Equipped to Lead: Alumni Spotlight – Mackenzie Gear

by Frank Brazell

Recently, we sat down with alumna Mackenzie Gear (Christian Leadership, ’18) to discuss her experiences as a student, and how it has prepared her to be the Director of Student Ministries for one of the largest and fastest growing churches in the United States.

Mackenzie Gear (’18) and husband Brady

Born and raised in Wisconsin, Mackenzie first felt God calling her to full time vocational ministry as a teenager, specifically the call to work with students. Mackenzie first found out about Grace College of Divinity from her fiancé, now husband, Brady. The military brought Brady to Fayetteville, North Carolina, where he began attending a local church affiliated with GCD; he told Mackenzie about Grace College of Divinity soon afterward. When they were married and settled in their new city, Mackenzie began taking classes at GCD, earning her Associate of Arts in Christian Leadership in 2018.

“I really enjoyed the fact that I could get my whole degree online… You can get your whole degree either all in class or all online.”

Mackenzie started by taking on-campus classes but had to switch to all-online courses when she was hired for a staff position at her local church. Getting hired was a direct result of being a student at GCD. A faculty member, who also happened to be an Associate Pastor at Mackenzie’s local church, noticed her work ethic and commitment to God’s call on her life, and connected her to an administrative position where she could still fulfill God’s calling for her: working with middle and high-school students.

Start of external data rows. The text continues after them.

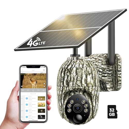 NUASI Fotskrapa med SIM, 4G LTE jaktkamera med minneskort, 2K videokamera utomhus med solpanel, färg nattsyn, 2-vägsljud, PIR-detektering, IP66, 360°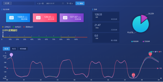 展示各电压器的负载情况,从而可以为变压器配备情况进行科学合理的规划。通过各种运行参数状态下用电效能的对比分析,找出更好的运行模式。根据运行模式调整负载,从而降低用电单耗,使电能损失降低。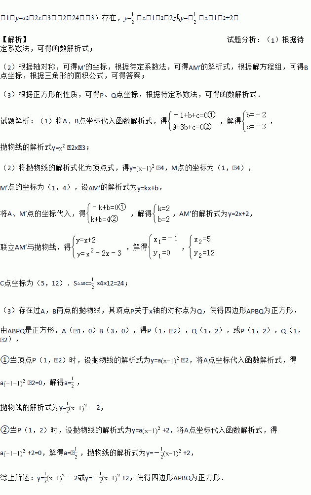 (3)是否存在过A,B两点的抛物线,其顶点P关于x轴的对称点为Q,使得四边形APBQ为正方形?若存在,求出此抛物线的解析式;若不存在,请说明理由.

Since then, Mackenzie has completed her Associate’s degree, worked with students while serving in an administrative capacity, and has recently been promoted to Director of Student Ministries. We asked her what that role entailed, and how her time as a student at GCD prepared her to step into that role.

“Now I get the opportunity to work with leaders at other sites [church campuses] in helping them and guiding them into leading them and growing their students at their sites, get to work with RUSH [Campus Ministries] in the local schools, and all things students at my local church.”

While still working weekly with students at her local church campus, Mackenzie now has the opportunity to mentor six adult leaders at that campus and five other site directors at various locations across the Fayetteville, North Carolina region. She works in conjunction with local pastoral staff to create a space for students that is a part of the local church.

“One of the biggest things I learned in class was through the Servant Leadership class with [Professor] Stefanie Ertel. In order to lead like Jesus you need to serve like Jesus. That’s something that I’ve been able to apply from my time at GCD to the role I’m in now.”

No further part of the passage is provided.